Click to open STREAMLINE-Notebook.ipypnb as a Jupyter Notebook in a new page open in your web browser.
Open the Kernel menu and select Restart & Run All. This will run all code cells of the notebook, i.e. all phases of STREAMLINE.

At this point the notebook will do the following automatically:

Run the entirety of STREAMLINE on the demonstration datasets.
Save all output files (including PDF reports) as an ‘experiment folder’ named DemoOutput within the STREAMLINE directory.

See ‘Notebook Output’ for more on examining output within the notebook and ‘Output Files’

Running Your Own Datasets (Jupyter)

Begin by opening STREAMLINE-Notebook.ipypnb as a Jupyter Notebook (steps 1-3 above). Before running, update the run parameters within the ‘STREAMLINE RUN PARAMETERS’ section of the notebook as indicated below.

Note that, for brevity, some parameter names used in the notebook (used below) are slightly different from those used in the command line. Details on STREAMLINE run parameters are given here.

In the first code cell, set ([`demo_run’](parameters.md#demo-run) = `False`)
- This tells the notebook that you don’t want to run the demo datasets, and you want to be ‘prompted’ to enter/select essential run parameters rather than edit the respective code cells
Update essential run parameters (within respective code cells) to the user/dataset’s specifications
- experiment_name - a unique name for the ouput folder for the current STREAMLINE ‘experiment’
- data_path - path to the folder containing one or more ‘target datasets’ to be analyzed
  - These datasets must adhere to the formatting detailed in ‘Input Data Requirements’
- output_path - path to the folder (that will be automatically created if it doesn’t yet exist) in which the ‘experiment folder’ including all STREAMLINE output will be saved
  - Note: You can leave output_path as ./UserOutput if you’ve named this folder UserOutput
- class_label - the header name for the outcome column in the dataset(s), e.g. ‘Class’
- instance_label - the header name for the unique instance IDs in the dataset(s) or specify None if not relevant
- match_label - the header name for the match/group column in the dataset(s) or specify None if not relevant
- ignore_features - list of text-valued feature names in target datasets that you want STREAMLINE to drop from the analysis, or specify None if not relevant
- categorical_feature_headers - list of text-valued feature names in the dataset(s) headers that should be treated as categorical or specify None if quantitiative_feature_headers were specified and you want all other features to be treated as categorical, or you want feature types to be automatically decided using categorical_cutoff
- quantitiative_feature_headers - list of text-valued feature names in the dataset(s) headers that should be treated as quantitative or specify None if categorical_feature_headers were specified and you want all other features to be treated as quantitative, or you want feature types to be automatically decided using categorical_cutoff
- applyToReplication - indicate True or False as to whether ‘replication data’ is available for the replication phase
- rep_data_path - path to folder containing one or more ‘replication datasets’ to be analyzed
  - All datasets in this folder should be replicates for a single ‘target dataset’, and similarly adhere to formatting requirments
- dataset_for_rep - path to the file (with extension) of the original ‘target dataset’ to indicate which models the replication data will be applied to
[Optional] Update non-essential run parameters (within respective code cells) to the users specifications
- *Most commonly, this would include n_splits, categorical_cutoff, and algorithms
Open the Kernel menu and select Restart & Run All. This will run all code cells of the notebook, i.e. all phases of STREAMLINE.

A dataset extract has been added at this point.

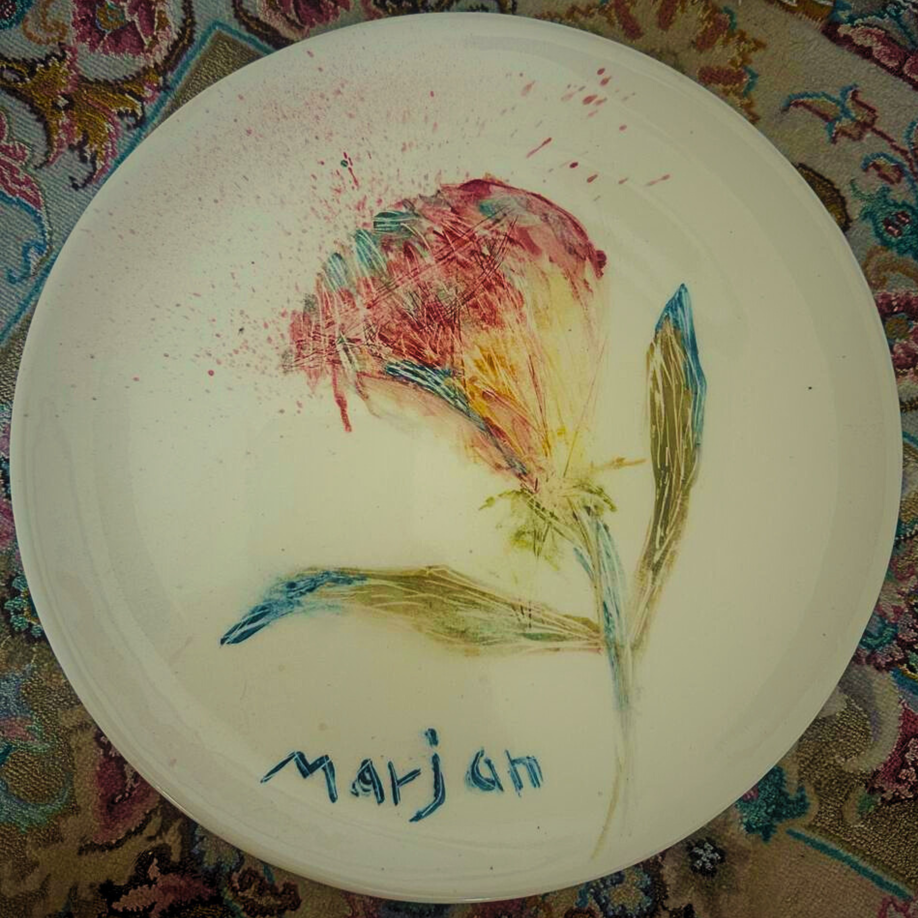 The circular form of the plate is both symbolic and functional, representing unity and harmony while serving as a canvas for Marjan’s artistic expression. The balance between the bold scale of the piece and the delicate detailing of the patterns showcases her exceptional skill and attention to detail.

Note: It can take multiple hours or longer to run this notebook on larger datasets and/or using all machine learning modeling algorithms. We recommend using a computing cluster for such tasks if possible.

Command Line Interface

This run mode is best for (1) most efficiently running STREAMLINE with parallelization options, (2) users comfortable with command lines, or (3) running moderate to large datasets and/or more exhaustive run parameter configurations.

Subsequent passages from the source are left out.